◆ **DATA EXTRACTS**:
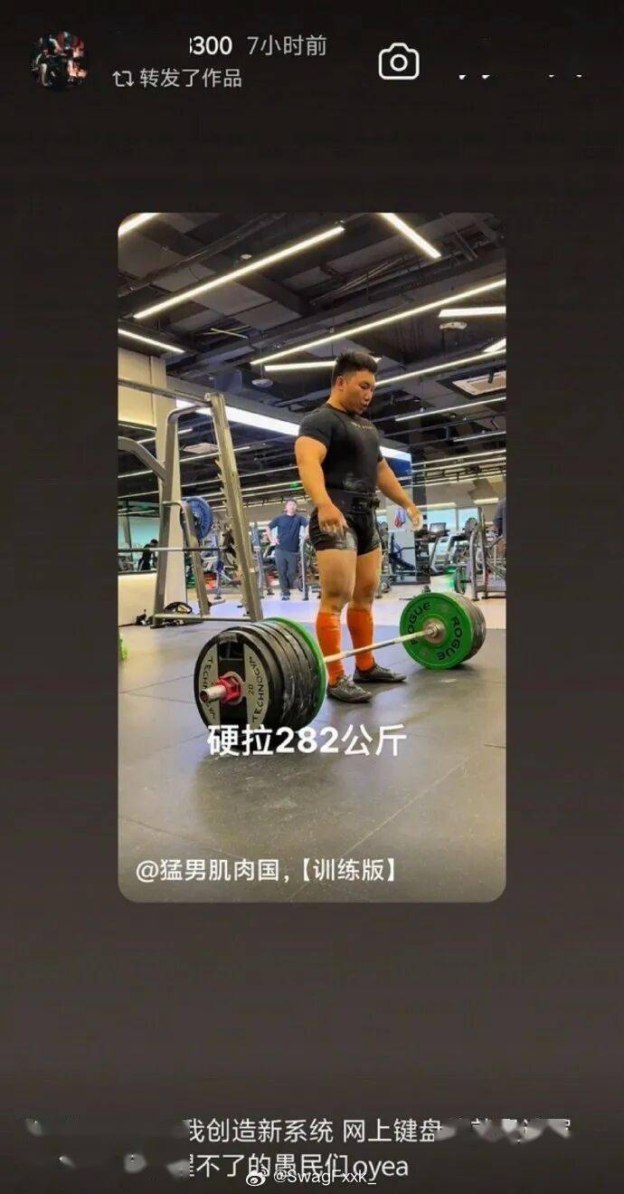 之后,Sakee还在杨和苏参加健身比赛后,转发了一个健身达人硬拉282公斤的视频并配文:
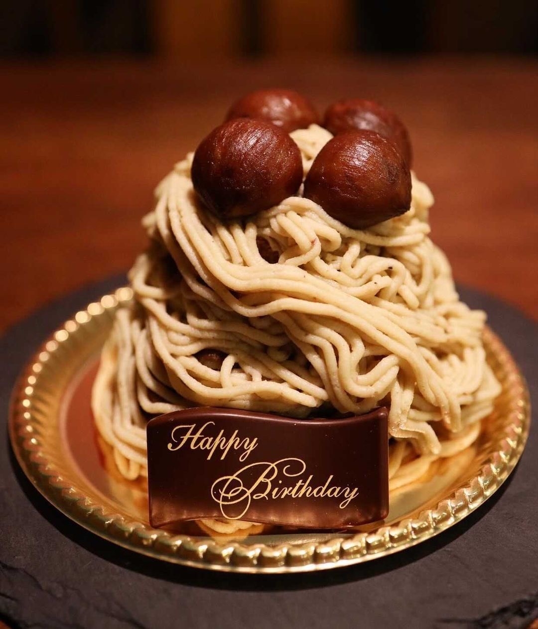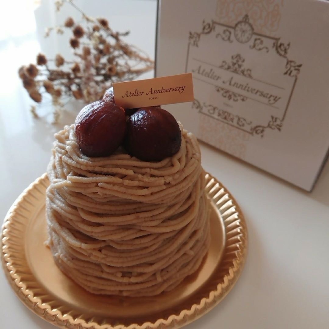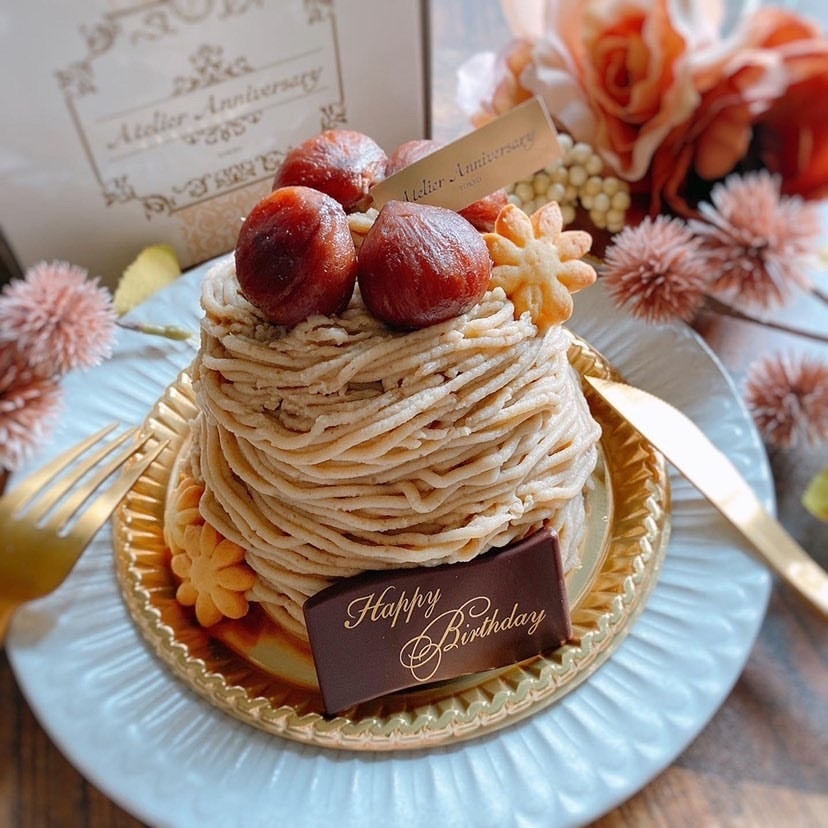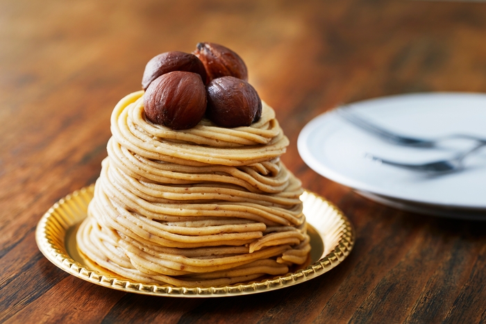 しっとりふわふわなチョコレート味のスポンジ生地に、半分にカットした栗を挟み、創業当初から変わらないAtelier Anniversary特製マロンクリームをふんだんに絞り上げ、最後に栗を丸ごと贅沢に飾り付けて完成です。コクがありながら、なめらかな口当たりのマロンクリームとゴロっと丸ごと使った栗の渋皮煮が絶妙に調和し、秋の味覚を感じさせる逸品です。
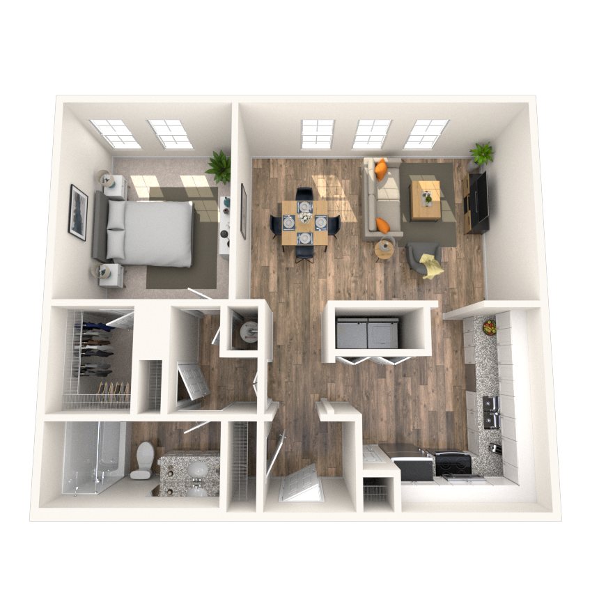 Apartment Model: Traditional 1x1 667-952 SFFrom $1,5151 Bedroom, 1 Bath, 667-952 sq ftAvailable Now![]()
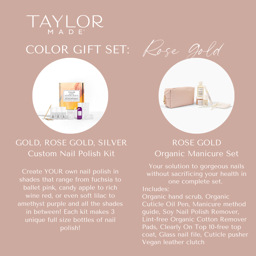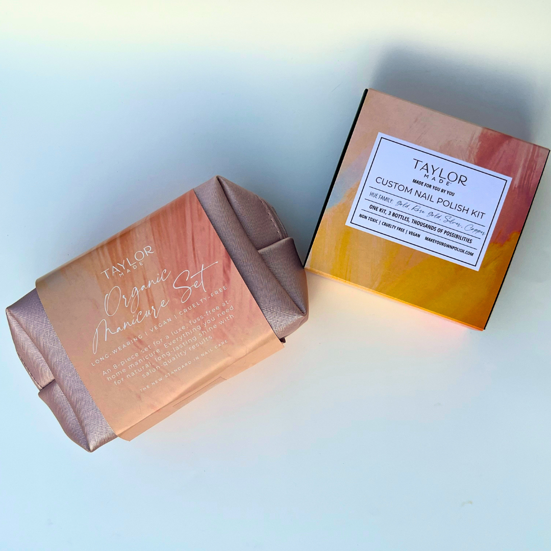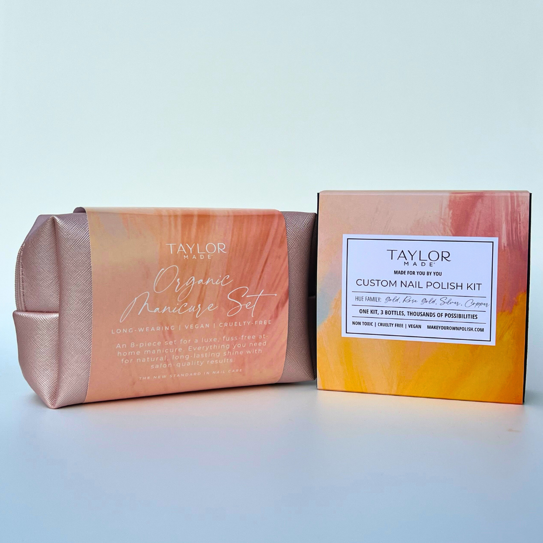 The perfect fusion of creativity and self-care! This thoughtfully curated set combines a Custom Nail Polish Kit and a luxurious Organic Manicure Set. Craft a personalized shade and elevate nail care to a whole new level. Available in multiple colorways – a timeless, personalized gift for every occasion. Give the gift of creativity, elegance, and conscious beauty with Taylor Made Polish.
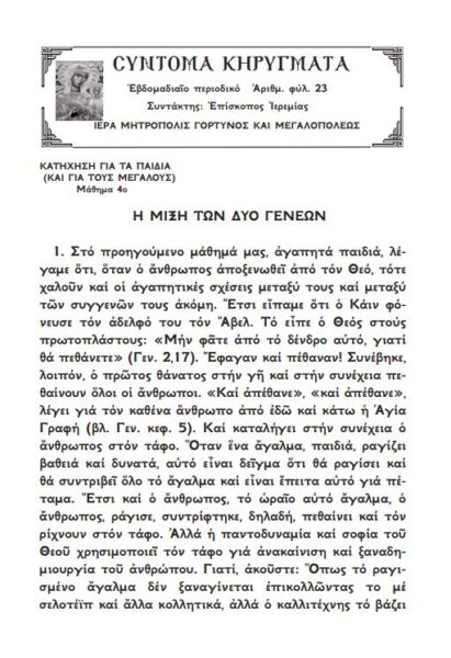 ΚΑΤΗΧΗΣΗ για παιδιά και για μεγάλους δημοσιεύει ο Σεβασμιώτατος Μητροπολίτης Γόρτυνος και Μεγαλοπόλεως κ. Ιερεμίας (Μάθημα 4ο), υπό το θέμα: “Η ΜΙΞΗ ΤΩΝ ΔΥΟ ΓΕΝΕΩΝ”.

==

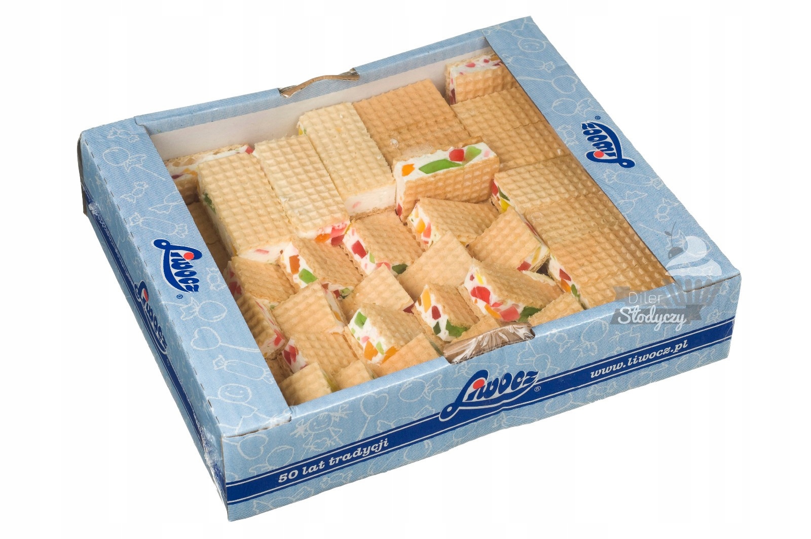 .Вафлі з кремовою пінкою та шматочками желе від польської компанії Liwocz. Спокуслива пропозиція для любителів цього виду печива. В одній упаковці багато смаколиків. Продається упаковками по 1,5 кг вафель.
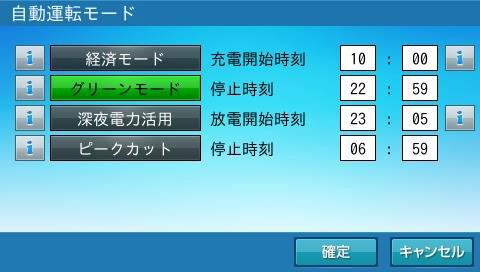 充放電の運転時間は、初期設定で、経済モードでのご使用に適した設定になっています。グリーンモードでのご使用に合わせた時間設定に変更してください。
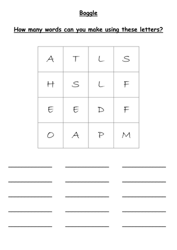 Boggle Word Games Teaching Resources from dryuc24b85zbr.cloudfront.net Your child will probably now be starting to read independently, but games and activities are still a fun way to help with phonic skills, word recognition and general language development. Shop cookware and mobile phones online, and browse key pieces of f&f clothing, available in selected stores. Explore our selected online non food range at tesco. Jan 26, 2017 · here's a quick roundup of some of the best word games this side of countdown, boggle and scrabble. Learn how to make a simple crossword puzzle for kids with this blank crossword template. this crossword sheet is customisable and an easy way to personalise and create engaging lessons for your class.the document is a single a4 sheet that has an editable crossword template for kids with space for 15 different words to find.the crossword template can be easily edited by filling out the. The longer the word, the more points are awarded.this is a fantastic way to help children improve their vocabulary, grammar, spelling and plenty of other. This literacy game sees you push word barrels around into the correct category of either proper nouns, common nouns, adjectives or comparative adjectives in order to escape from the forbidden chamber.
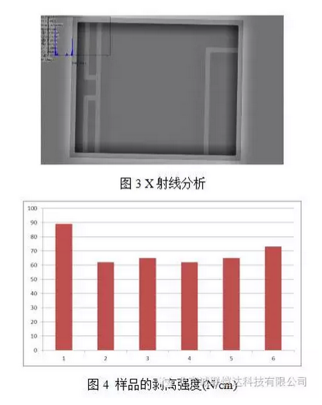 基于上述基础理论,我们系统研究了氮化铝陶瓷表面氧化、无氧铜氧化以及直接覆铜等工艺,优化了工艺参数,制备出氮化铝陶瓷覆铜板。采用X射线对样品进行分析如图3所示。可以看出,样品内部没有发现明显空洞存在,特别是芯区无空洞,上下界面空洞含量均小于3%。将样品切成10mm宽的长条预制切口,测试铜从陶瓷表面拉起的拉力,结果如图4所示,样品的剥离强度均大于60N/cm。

◆ **REQUIRED WORK**: Above this task is a listing with pictures in it. Retype only the lines from the one containing "之后,Sakee还在杨和苏参" through the one containing "しっとりふわふわなチョコレー", both included, and not the pictures.

◆ **REPLY TO THE EXERCISE**:
 之后,Sakee还在杨和苏参加健身比赛后,转发了一个健身达人硬拉282公斤的视频并配文:
 しっとりふわふわなチョコレート味のスポンジ生地に、半分にカットした栗を挟み、創業当初から変わらないAtelier Anniversary特製マロンクリームをふんだんに絞り上げ、最後に栗を丸ごと贅沢に飾り付けて完成です。コクがありながら、なめらかな口当たりのマロンクリームとゴロっと丸ごと使った栗の渋皮煮が絶妙に調和し、秋の味覚を感じさせる逸品です。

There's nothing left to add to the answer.